Beberapa
waktu belakangan, saya dipertontonkan drama cinta segitiga yang ternyata bisa
kejadian juga di sekitar saya. Entah saya harus ketawa, nangis atau ngikik
gelundungan. Betapa saya ngerasa adegan dan plot dalam novel itu juga
memengaruhi tingkah polah manusia di dunia nyata (atau karena novel emang
diadaptasi dari praktik dunia nyata?). Dan jujur, dengan adanya hiburan ini,
saya tersadar kalau sebenarnya saya masih sangatlah muda.
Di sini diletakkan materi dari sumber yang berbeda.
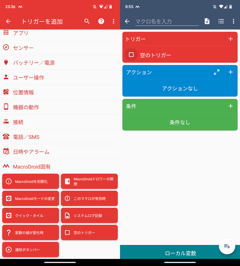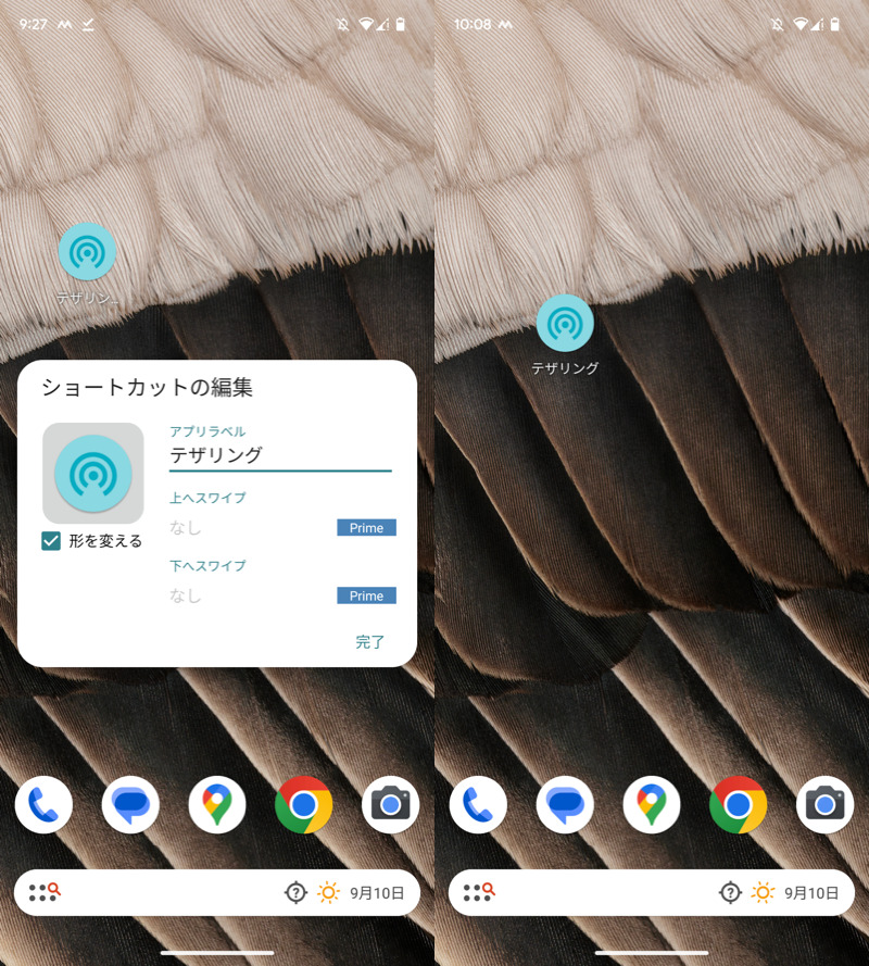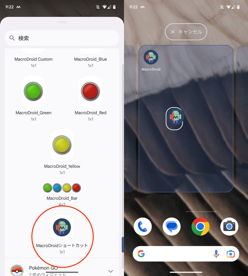(左)MacroDroid快捷方式(右)通过拖动添加到主屏幕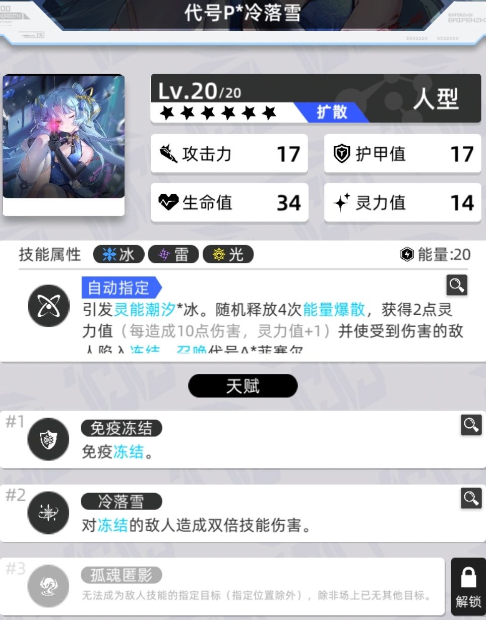 计冷落雪第一次释放技能时,对方无角色进入冰冻状态,但是敌方全体进入灵蚀状态 与苍冰队相同
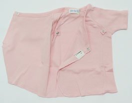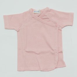 - 前面がスナップボタンで開く、あわせタイプの半袖の短肌着です。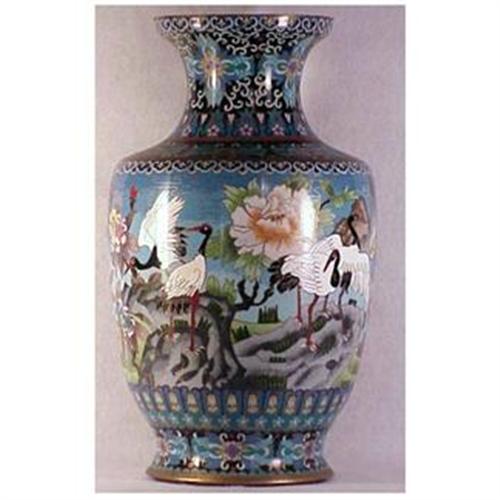Japanese Cloisonne 15 1/4" vase, eight cranes #1844272

Masih bocah naif. Masih
anak-anak yang belum cocok mikirin perkara bumi dan seisinya.
Dan teman
saya yang menempati salah satu sudut segitiga itu seketika bercerita, selama
ini ternyata dia dikelabui. Dibohongi. Ternyata ada skenario yang sudah diatur di balik kisah cinta tersebut.
Singkat kata, teman saya itu ikut terlibat dan bermain dalam sebuah sandiwara
gigantis di luar sepengetahuannya. Saya sih ga heran, karena dari awal saya
sudah menduga kalau semua pasti ada 'apa-apa'. Dan sekali lagi, intuisi saya memang jarang keliru.
Kebetulan,
ketiga pemain ini adalah orang yang saya kenal. Salah satu pelaku cowonya juga
sempat jadi gebetan saya *halah*, dan yang saya tahu, dia emang baik. Bukan
karena saya pernah naksir, tapi firasat saya bilang begitu. Saya percaya dengan
mata saya. Bukan juga karena ganteng, tapi ya dia orangnya emang ga neko-neko.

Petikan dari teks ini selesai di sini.